Publications:Learning Low-Dimensional Representation of Bivariate Histogram Data
From ISLAB/CAISR
Title | Learning Low-Dimensional Representation of Bivariate Histogram Data |
---|---|
Author | Evaldas Vaiciukynas and Matej Uličný and Sepideh Pashami and Sławomir Nowaczyk |
Year | 2018 |
PublicationType | Journal Paper |
Journal | IEEE transactions on intelligent transportation systems (Print) |
HostPublication | |
Conference | |
DOI | http://dx.doi.org/10.1109/TITS.2018.2865103 |
Diva url | http://hh.diva-portal.org/smash/record.jsf?searchId=1&pid=diva2:1260571 |
Abstract | With an increasing amount of data in intelligent transportation systems, methods are needed to automatically extract general representations that accurately predict not only known tasks but also similar tasks that can emerge in the future. Creation of low-dimensional representations can be unsupervised or can exploit various labels in multi-task learning (when goal tasks are known) or transfer learning (when they are not) settings. Finding a general, low-dimensional representation suitable for multiple tasks is an important step toward knowledge discovery in aware intelligent transportation systems. This paper evaluates several approaches mapping high-dimensional sensor data from Volvo trucks into a low-dimensional representation that is useful for prediction.
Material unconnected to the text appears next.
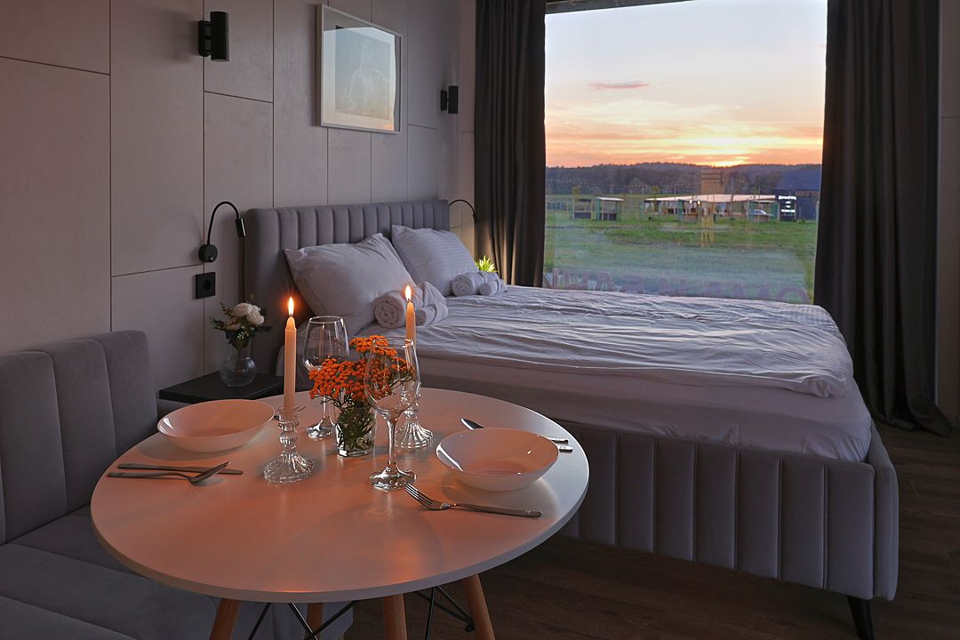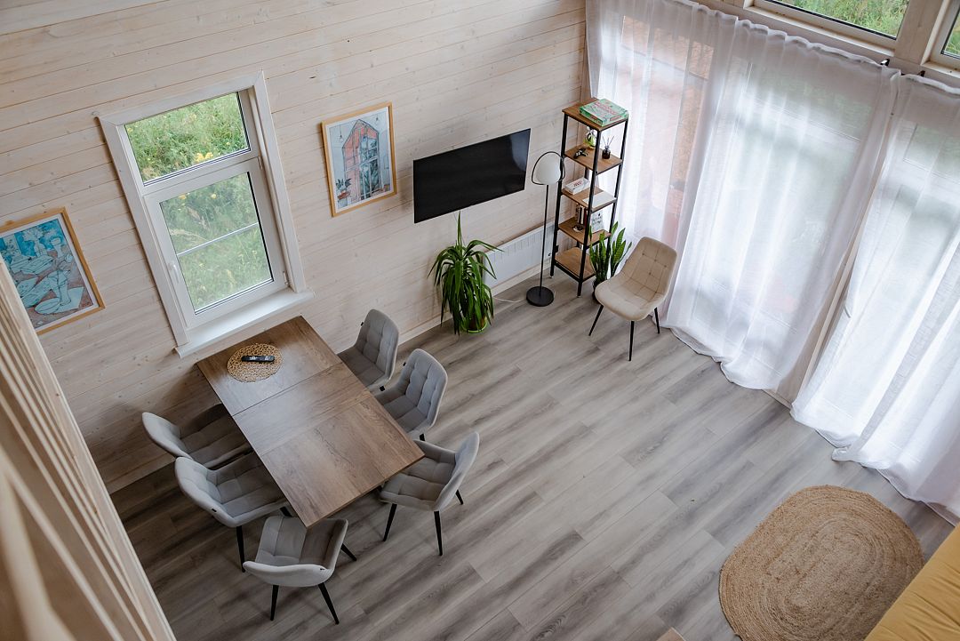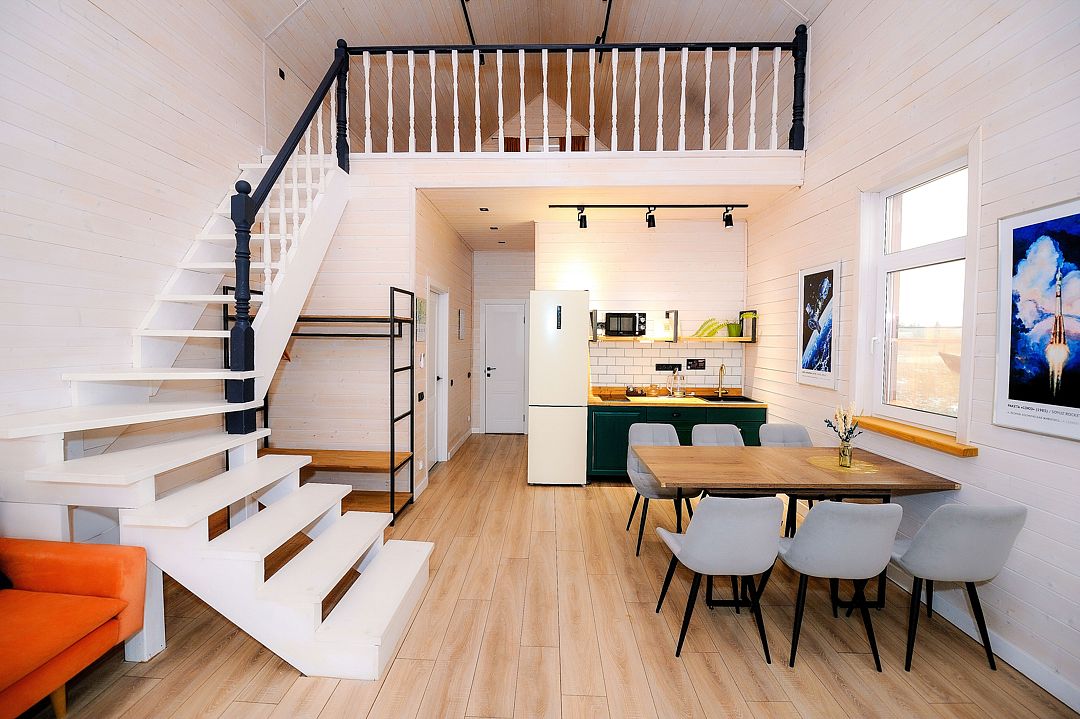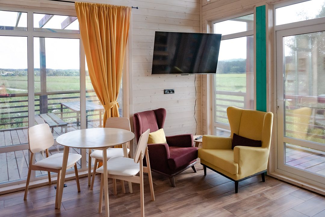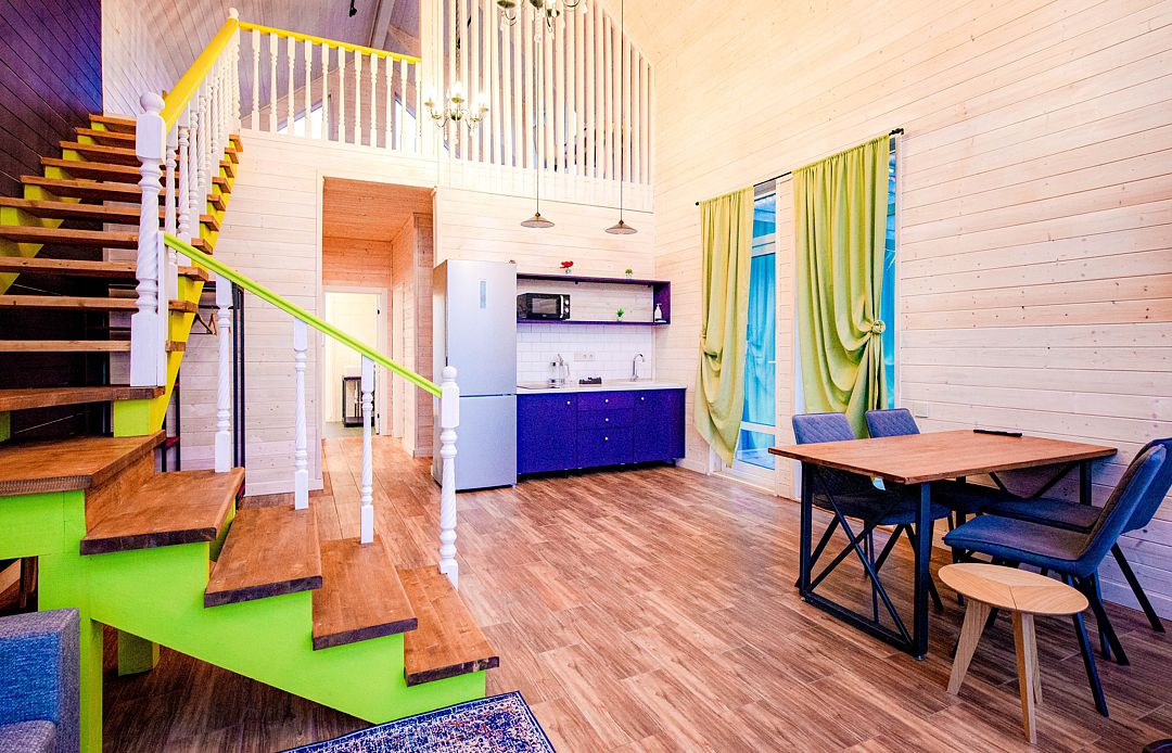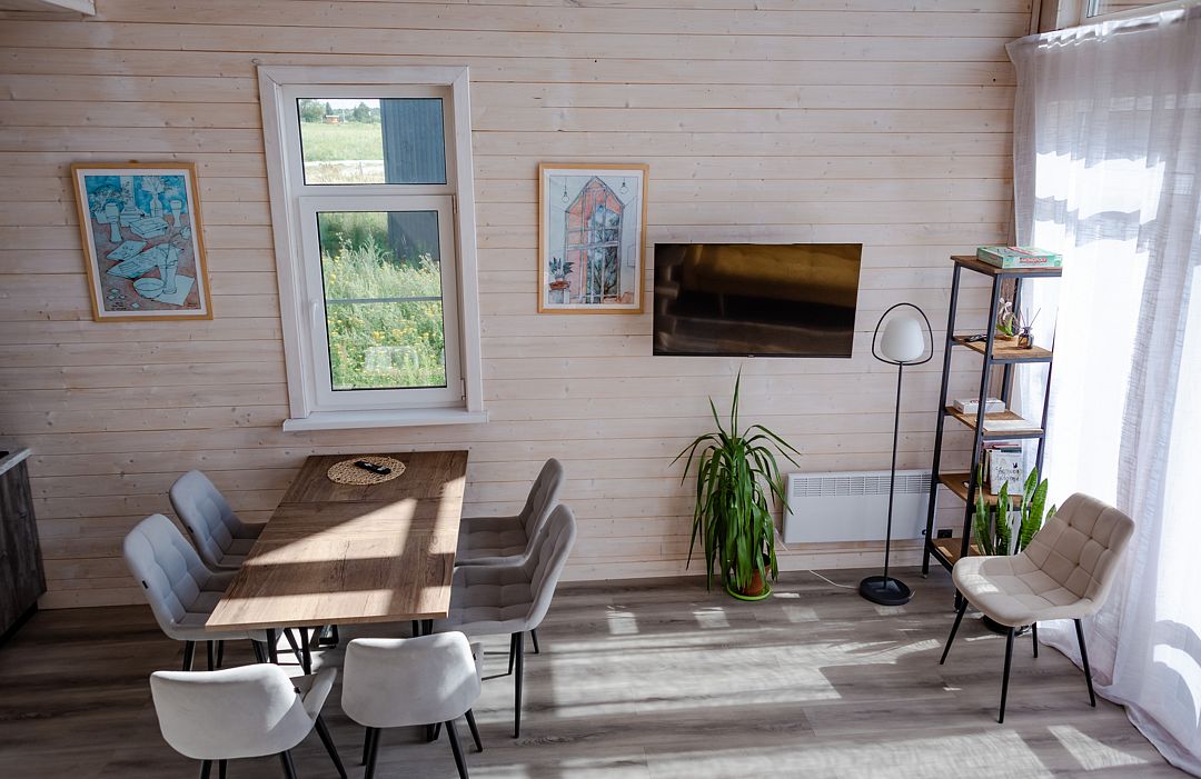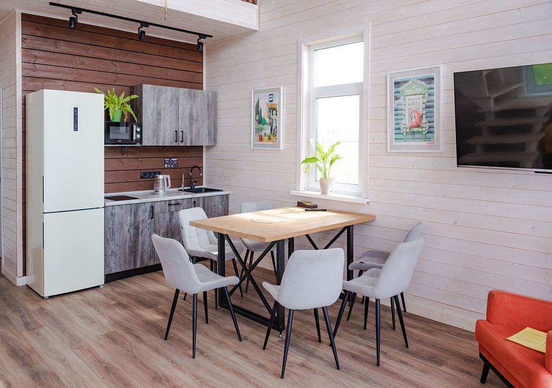 Для аренды оборудовано несколько уютных домиков, каждый из которых отличается своим уникальным характером — это и смелый современный стиль, и более классические варианты. Благодаря этому разнообразию, каждый сможет найти обстановку, которая придётся по душе.

Original data are bivariate histograms, with two types--turbocharger and engine--considered. Low-dimensional representations were evaluated in a supervised fashion by mean equal error rate (EER) using a random forest classifier on a set of 27 1-vs-Rest detection tasks. Results from unsupervised learning experiments indicate that using an autoencoder to create an intermediate representation, followed by $t$-distributed stochastic neighbor embedding, is the most effective way to create low-dimensional representation of the original bivariate histogram. Individually, $t$-distributed stochastic neighbor embedding offered best results for 2-D or 3-D and classical autoencoder for 6-D or 10-D representations. Using multi-task learning, combining unsupervised and supervised objectives on all 27 available tasks, resulted in 10-D representations with a significantly lower EER compared to the original 400-D data. In transfer learning setting, with topmost diverse tasks used for representation learning, 10-D representations achieved EER comparable to the original representation. |